US President Donald Trump's top advisers took to Sunday television talk shows to set the stage for a diplomatic confrontation in Moscow this week when US Secretary of State Rex Tillerson meets Russian Foreign Minister Sergei Lavrov.

It will be their first face-to-face encounter since US cruise missiles slammed into a Syrian air base early Friday (Damascus time) in retaliation for a suspected sarin gas attack on April 4 that killed at least 87 civilians in the rebel-held Syrian town of Khan Sheikhun.

In Teheran, Iran's supreme leader Ayatollah Ali Khamenei said the US had made a "strategic mistake" and vowed that Iran "will not leave the field... in the face of threats".

And a joint operations centre in Damascus that includes Iran, Russia and Lebanese Hezbollah threatened reprisals.

"We will react firmly to any aggression against Syria and to any infringement of red lines, whoever carries them out," it said in a statement carried on the website of Al-Watan, a newspaper close to the Syrian regime.

Mr Tillerson said the chemical attack had been preceded by two others in March.

The presence of Russian advisers at the airfield used to launch the attack raised questions about how they could not have known about Syria's chemical weapons.

Mr Tillerson stopped short of accusing the Russians of complicity.
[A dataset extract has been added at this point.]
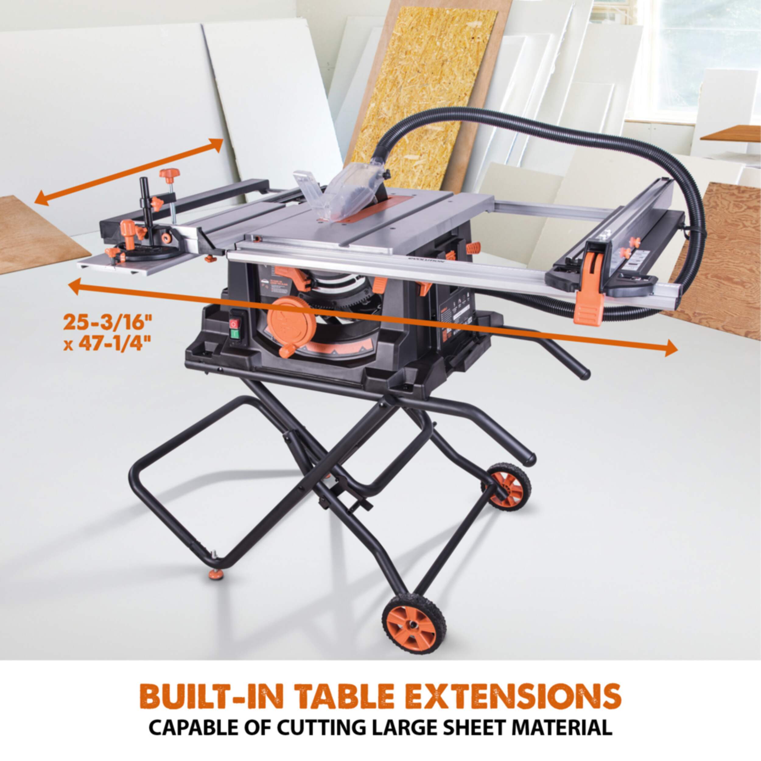 Evolution Multi-Material Table Saw features left and right table extensions that provide superior support when cutting sheet material for accurate, long cuts

"But clearly they've been incompetent and perhaps they've just simply been outmanoeuvred by the Syrians," he said on ABC's programme This Week.
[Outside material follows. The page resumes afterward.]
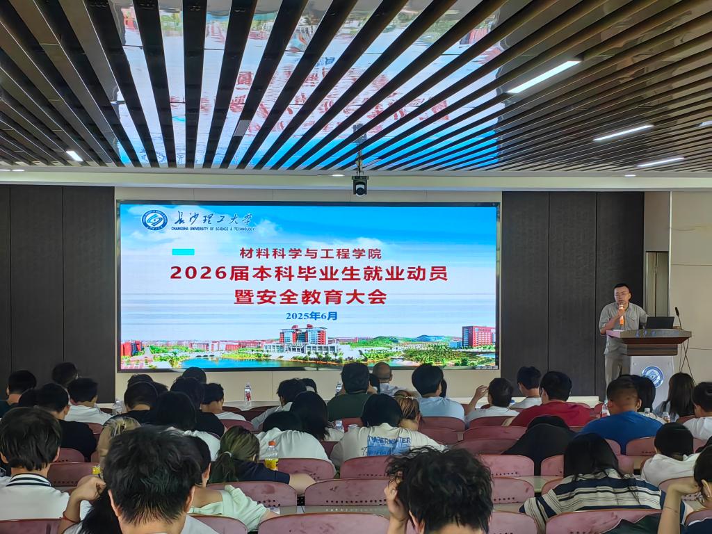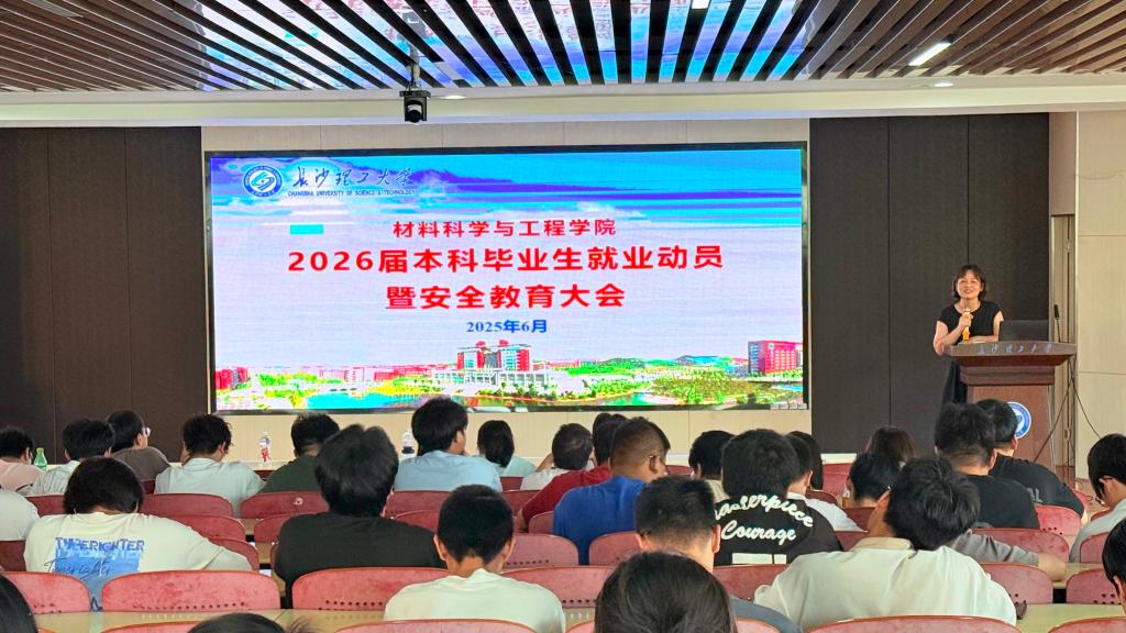 2025630日下午,材料科学与工程学院在工科三号楼A307报告厅召开2026届本科毕业生就业动员暨安全教育大会。学院党委副书记邵巧艳、副院长谢炜教授、学工办主任兼就业专干谢易真出席,会议由年级辅导员谭方林主持,全体2026届本科毕业生参会。

"Absolutely they're complicit," Mr Adam Schiff, the ranking Democrat on the House Intelligence Committee, said on the same show.

"Russian intelligence may not be as good as ours, but it's good enough to know the Syrians had chemical weapons, were using chemical weapons."

If Syria carries out any further chemical attacks, "that is going to be clearly very damaging to US-Russian relations", Mr Tillerson warned.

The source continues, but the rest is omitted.